### Data section
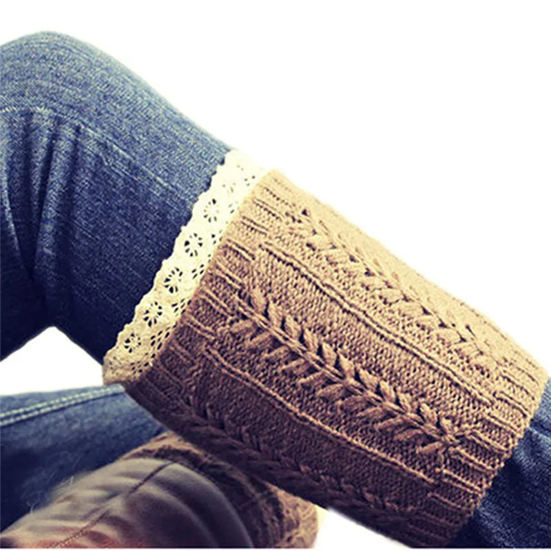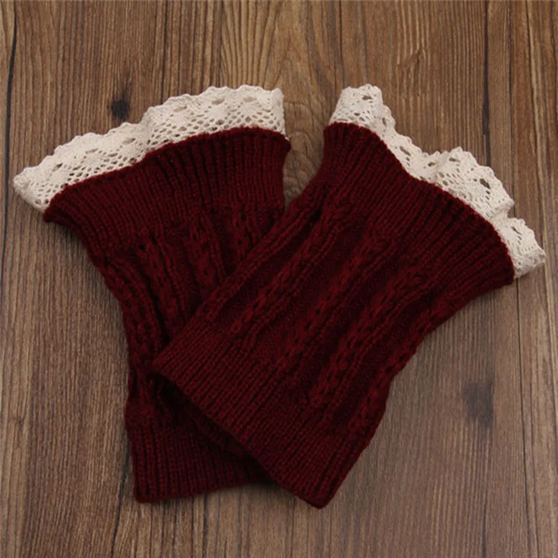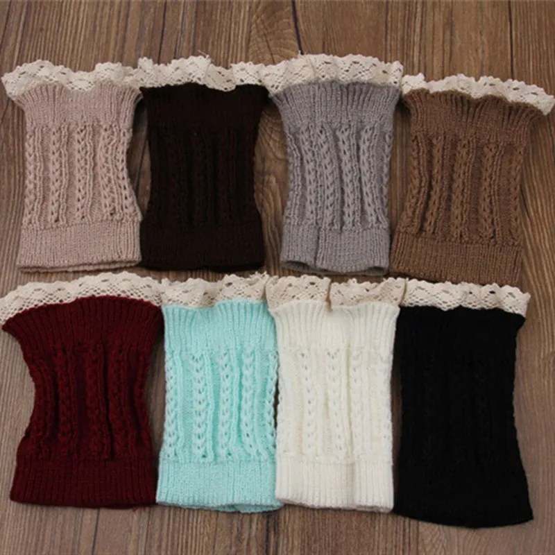 Зимние гетры для женщин и девочек, гетры с кружевной отделкой, гетры, гетры, вязаные гетры, короткие Вязаные Гетры
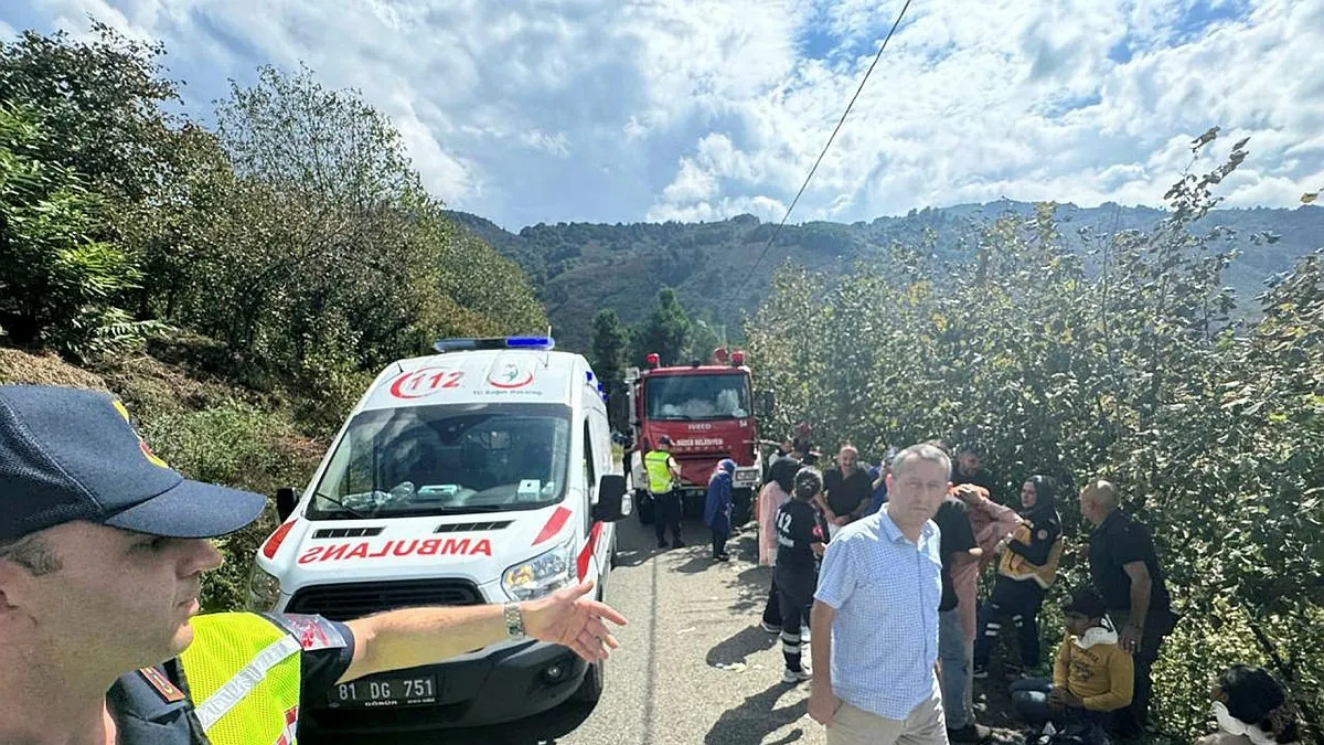 Kaza, saat 11.30 sıralarında Cumayeri ilçesi Harmankaya köyünde meydana geldi. Köy içinden fındık bahçesine giden henüz sürücüsü tespit edilemeyen içinde mevsimlik fındık işçilerinin bulunduğu minibüs, kontrolden çıkarak yaklaşık 50 metrelik uçuruma devrildi.
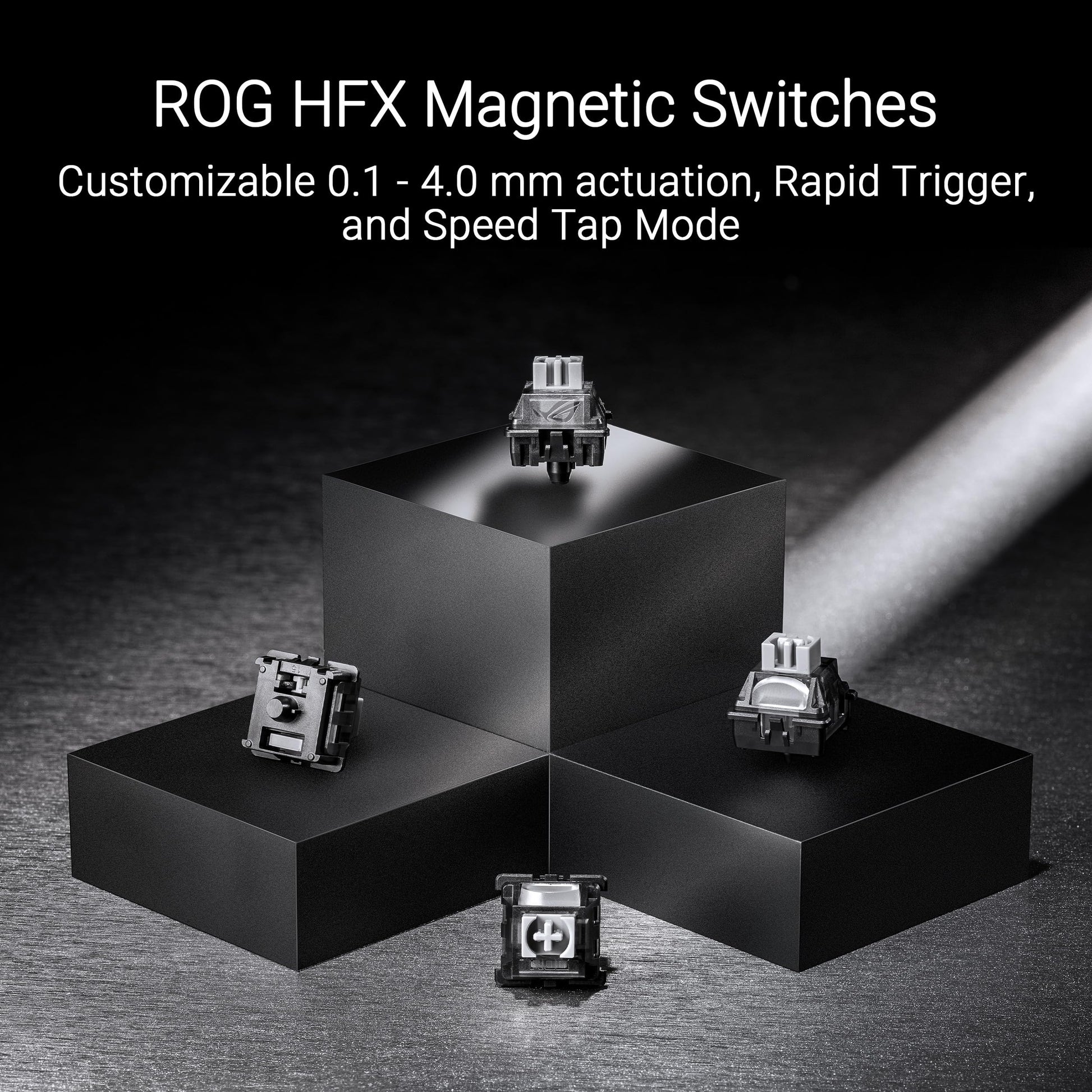 - Pre-lubed ROG HFX Magnetic Switches: These Hall Effect (HE) switches are engineered for a solid feel with ultra fast and precise performance. They also offer an adjustable actuation range from 0.1 to 4.0 mm to cater to all typing preferences

### About this exercise
Return all of the material exactly, without pictures.

### Exercise response
 Зимние гетры для женщин и девочек, гетры с кружевной отделкой, гетры, гетры, вязаные гетры, короткие Вязаные Гетры
 Kaza, saat 11.30 sıralarında Cumayeri ilçesi Harmankaya köyünde meydana geldi. Köy içinden fındık bahçesine giden henüz sürücüsü tespit edilemeyen içinde mevsimlik fındık işçilerinin bulunduğu minibüs, kontrolden çıkarak yaklaşık 50 metrelik uçuruma devrildi.
 - Pre-lubed ROG HFX Magnetic Switches: These Hall Effect (HE) switches are engineered for a solid feel with ultra fast and precise performance. They also offer an adjustable actuation range from 0.1 to 4.0 mm to cater to all typing preferences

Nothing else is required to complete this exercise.